Memory loss affects about 16 million elderly Americans, representing 40 percent of those 65 years of age or older. Though only 15 percent of impaired memory sufferers eventually develop Alzheimer’s disease, even milder forms of the disorder can complicate many aspects of daily life. Remembering names, dates and other details becomes increasingly difficult as the condition progresses.
To sharpen their cognitive ability, some people play games such as brain teasers, riddles, logic problems, quizzes, crosswords and other puzzles, Sudoku and online video games. The question is whether these activities are worthwhile when it comes to memory loss.
Some studies have suggested there is some benefit, in terms of mood balancing as well as memory improvement, for people with minor problems. However, brain games do not appear to be of much help to those who diagnosed with dementia.
Game makers have been sued for allegedly exaggerating the effectiveness of their products, and researchers report mixed results from clinical trials. To determine the true value of brain games, scientists with the Mind Centre at the University of Sydney in Australia recently reviewed 29 studies from the past two decades.
The “meta-analysis” focused on the records of about 700 people who took part in the studies. Seventeen of the trials involved adults with mild cognitive impairment (MCI), a minor loss of thinking and memory abilities. The other 12 studies featured dementia patients.
The researchers reported that brain-training activities helped the MCI volunteers with “global cognition, memory, learning and attention, mood, and self-perceived quality of life.” There was no such payoff for the study participants with dementia.
“Our research shows that brain training can maintain or even improve cognitive skills among older people at very high risk of cognitive decline, and it’s an inexpensive and safe treatment,” wrote Dr. Amit Lampit of the university’s School of Psychology, the study’s lead author.

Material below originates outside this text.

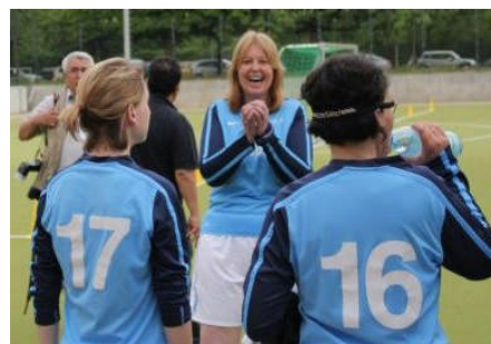
Vor dem Spiel, mehr Fotos gibt's mit einem Klick hier.

Beim DFB-Pokalendspiel konnte ich daher leider nicht mitklatschen. Viel geholfen hätte das aber auch nicht. Das Ergebnis ist schade für das ersatzgeschwächte MSV-
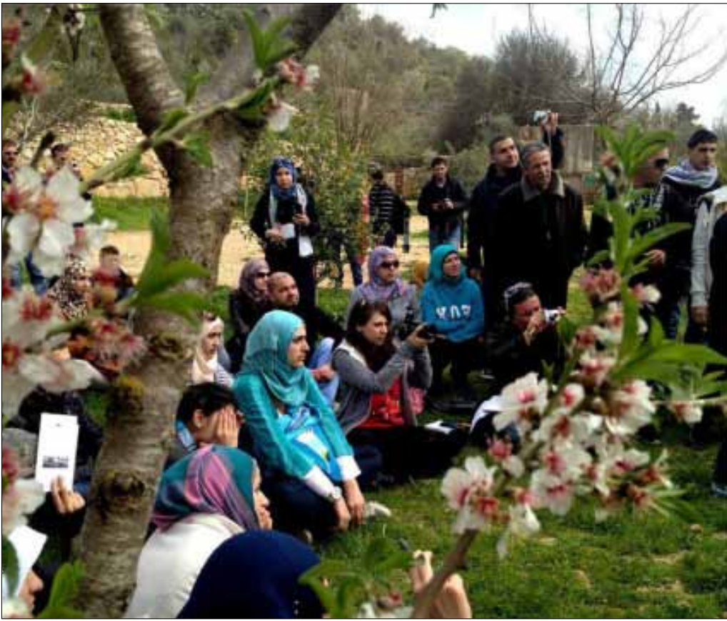
أحياء ذكرى المجزرة في فالونيا

بيتاً وذبحوا النساء والرجال والأطفال والشيوخ. مجزرة وقعت بعد أسبوعين من توقيع معاهدة سلام مع المستوطنين اليهود، لتكشف عن سمة الغدر عند الصهاينة، وكانت مقدمة لموجات من التهجير للأهالي من قراهم الى مناطق أخرى من فلسطين

However, he cautioned that group studies in supervised settings may produce different results than individuals experience on their own. When Lampit’s team revisited data from a 2014 meta-analysis, they discovered a wide discrepancy in the effectiveness of group settings versus solitary situations.
“Think of it this way,” Lampit told Health.com. “For most people, joining a gym or aerobics class is more likely to help them achieve the results they want than buying home fitness equipment. Similarly, doing cognitive training in a supervised format will help people to persevere with their training program, do the exercises that fit them best, and problem-solve on the fly.”
A 2017 study at the University of Pennsylvania cast doubt on the value of online brain-training programs. According to Psychology Today, the researchers found that the games “had no discernible effect on the brain, or cognitive performance or anything else.”
The clinicians who led the study, Joseph Kable and Caryn Lerman, wanted to know how the computer programs affect a person’s “executive function,” which pertains to the cognitive capacity of the brain’s prefrontal cortex.
“It’s a set of brain regions that basically seem to be engaged whenever tasks are hard,” Kable said. He explained that a key question is whether the skills derived from playing a game “transfers” to daily life, a phenomenon that cognitive-video marketers often promote.
The researchers recruited 128 young adults and had some of them play the Lumosity computer game for 10 weeks. Other volunteers were given online games not designed to boost thinking and memory abilities.
The outcome was the same for both groups. “There was no effect on brain activity, no effect on cognitive performance and no effect on decision-making,” Psychology Today reported.